Ensure that hay is picked up off the land in a timely manner.  If it remains too long it kills grass and that is how weeds take over.  Unless equipment breaks down or it pours rain we get hay off within 4 or five days.  If renters have to haul a distance and it takes them days to get done?  Then have them stockpile hay bales on a plot as you can reseed that if it kills grass.


----------



## farmerjan (Sep 12, 2018)

There are as many types of leases as there are people. 
If it is marginal hay ground, neglected or weedy, then often we have gotten the land for the first year for no cost in order to do some improvements in the grass.  I think you would be good to go back to that person that you had come out to look at the land and see what their opinion is.  Most extension services here have a basic formula and idea of what land is leasing in the area; with type of grass/hay and such taken in consideration.

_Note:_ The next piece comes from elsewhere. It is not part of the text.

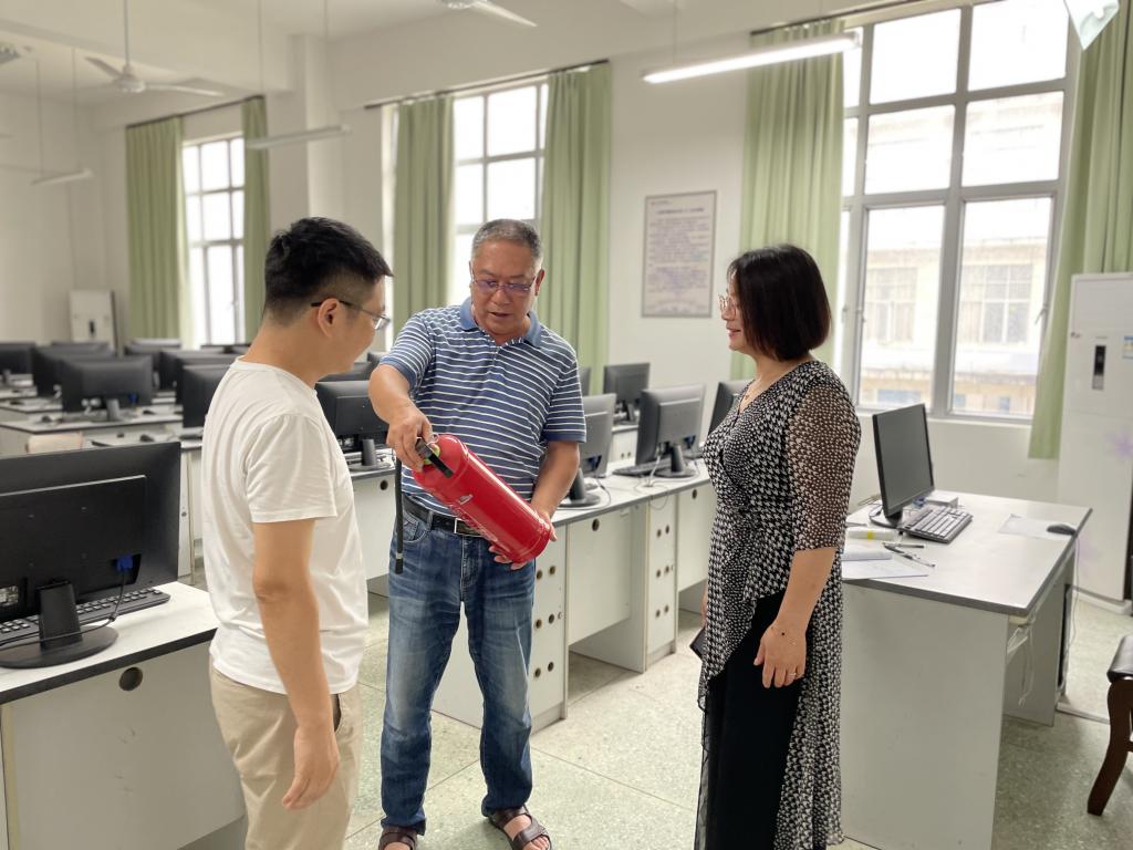 在检查过程中,黄春燕副院长对每个实验室的消防设备、消防安全管理逐一进行检查;同时也指出了实验室环境卫生方面有及学生使用空调方面的问题,现场就责令相关负责人进行整改。

Long term leases definitely do provide for and allow the person leasing it to do some improvements and to benefit from them.  Let's face it, as a farmer, we want to get the most return off the land for our time and labor.  It is in our best interest to have a good hay crop so that we are not running our equipment over land that the resulting hay won't even pay for the time and fuel used.
BUT, you also need to be careful as to give a long term lease with no idea if it is a good and decent farmer can really screw you. 
Most leases here that are "long term" are 5 years or more.
What we have done on several places where we don't know the owner and vice versa, we do a 1 year initial lease.  We do fertilizer in the spring, usually the recommended amount of conventional chemical fertilizer.  Providing it is a somewhat normal year for rain etc, we see what the land will produce.  And the owner gets to see if we do what we say and make the hay in a timely manner, again providing we have a "normal year" and have some rain and sunny periods where we can make the hay....not like it has been here this year...UGH...
Then at the end of the year, we make a proposal to the landowner for a longer lease if we want to keep it and then do negotiating  (sp?) on what needs to be done.

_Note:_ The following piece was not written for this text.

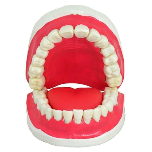 Modelo de dentição confeccionado em resina plástica com todos os dentes removíveis, com língua e escova.Composto por dentes molares, pré-molares, incisivos e caninosEmbalagem:

Fertilizing is necessary in order to not "mine all the good out of the ground and use it up" .  Some places we split it if we do some sort of split for the hay.  One place we don't split the hay, but the landowner pays  for us to add a weed killer to the fertilizer when we get some problem weeds that inevitably creep in.  If the farmer is getting all the hay he should pay for the fertilizer....BUT the initial fertilizing is often shared if the land is starting out poor and has not been  taken care of before, or sometimes we don't pay any rent the first year.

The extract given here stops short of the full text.